The Narrow Road to the Deep North

And he remembered Lynette Maison’s face as she slept, and the Glenfiddich whisky miniatures he had drunk before he left, and Rabbit Hendricks’ illustration of Darky Gardiner sitting in an opulent armchair through which little silver fish swam, in a Syrian village in which Yabby Burrows and his spiked hair was about to dissolve into Syrian dust. And somehow it made no sense to him that the picture survived and would be reproduced endlessly, but Yabby Burrows was gone and to his life no future and no meaning could ever be attached. There was someone in a blue uniform standing above him. Dorrigo wanted to tell him he was sorry, but when he opened his mouth only drool rolled out.

 

He was in any case hurtling backwards into an ever faster swirling maelstrom of people, things, places, backwards and round and deeper and deeper and deeper into the growing, grieving, dancing storm of things forgotten or half-remembered, stories, lines of poetry, faces, gestures misunderstood, love spurned, a red camellia, a man weeping, a wooden church hall, women, a light he had stolen from the sun—

 

He remembered another poem, he could see the poem in its entirety, but he did not want to see it or know it; he could see Charon’s burning eyes staring into his but he did not want to see Charon, he could taste the obol being forced into his mouth, he felt the void he was becoming—

 

 

 

—and finally he understood its meaning.

 

His last words, as witnessed by a Sudanese orderly:

 

Advance forward, gentleman. Charge the windowsill.

 

He felt a snare tightening around his throat; he gasped and threw a leg out of the bed, where it jerked for a second or two, thumping the steel frame, and died.

 

 

 

 

 

18

 

 

THE LONG NIGHT waxed, the slow quarter-moon continued rising through black rungs, the night moaned with many groans and snores.
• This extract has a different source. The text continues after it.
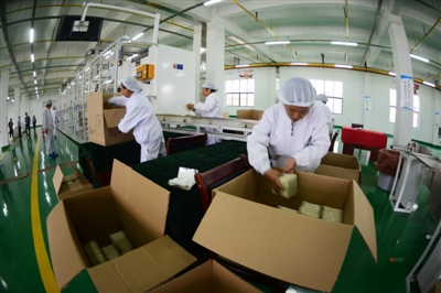 24日,湖北(通城)艾舒宝生活用品有限公司员工正在包装产品。

Bonox Baker turned up at the officers’ tent with the news of Darky Gardiner’s drowning. By the light of a kerosene lantern, Dorrigo Evans entered it in his diary as murder. The word seemed inadequate. What didn’t? In his small shaving mirror, which lay next to the diary, he glimpsed his frightful reflection, hair hoary and unkempt, fierce eyes lit with fire and a filthy rag hanging around his neck. Had he become the ferryman? He turned the mirror upside down. It was almost midnight, and he knew he should try to get a few hours’ sleep so he might have the strength to make it through another day. He wanted to be first at the dawn parade to meet the hundred men as they arrived and wish them well before they left.

 

A bag of mail had arrived that morning with the truck, the first any of them had seen for nine months. As ever, the correspondence was random. Some men received several letters, many men none. There was one letter for Dorrigo Evans from Ella. He had intended to wait until now, the end of his day, for the immense pleasure of reading it, so that he might fall asleep with it filling his dreams, but he felt so home sick on seeing the letter when it was handed to him in the morning before the parade he had torn it open and read it there and then. He could not believe her news. All day it had haunted him. Rereading it now at the end of the day he still found it impossible to digest.

 

The letter was six months old. It ran to several pages. Ella wrote that although nothing had been heard from Dorrigo or, for that matter, from his unit for over a year, she knew he was alive. The letter talked of her life, of Melbourne in all its mundane detail. All this he could believe. But unlike other men, who pored over every sentence of their letters and cards from home, only one detail registered with Dorrigo Evans. Enclosed with the letter was a newspaper cutting headed ADELAIDE HOTEL TRAGEDY. It told of how, after a gas explosion in its kitchen, the King of Cornwall hotel had burnt down with the loss of four lives, including that of the much-respected publican, Mr Keith Mulvaney. Another three people were unaccounted for and believed to have also perished, including two guests and Mrs Mulvaney, the publican’s wife.

 

Dorrigo Evans read the newspaper cutting for a third and then a fourth time. Outside it was raining again. He felt cold. He pulled his army blanket round him tighter, and by the light of the kerosene lantern he once more read Ella’s letter.

 

One of Daddy’s friends high up made some enquiries for me with the coroner’s office in Adelaide, Ella wrote. He said it had now been made official, but because of the tragedy and people’s feelings and morale and all that they’ve kept it out of the paper. They had to use teeth. Can you imagine? Poor Mrs Keith Mulvaney is now among the confirmed dead. I am so sorry, Dorry. I know how fond you were of your uncle and aunt. Tragedies like this make me realise how lucky I am.

 

Mrs Keith Mulvaney?

 

For some time the name made no more sense than the news.

 

Mrs Keith Mulvaney.

 

She had only ever been Amy to him. He had no idea it was a lie, the only lie Ella ever told him.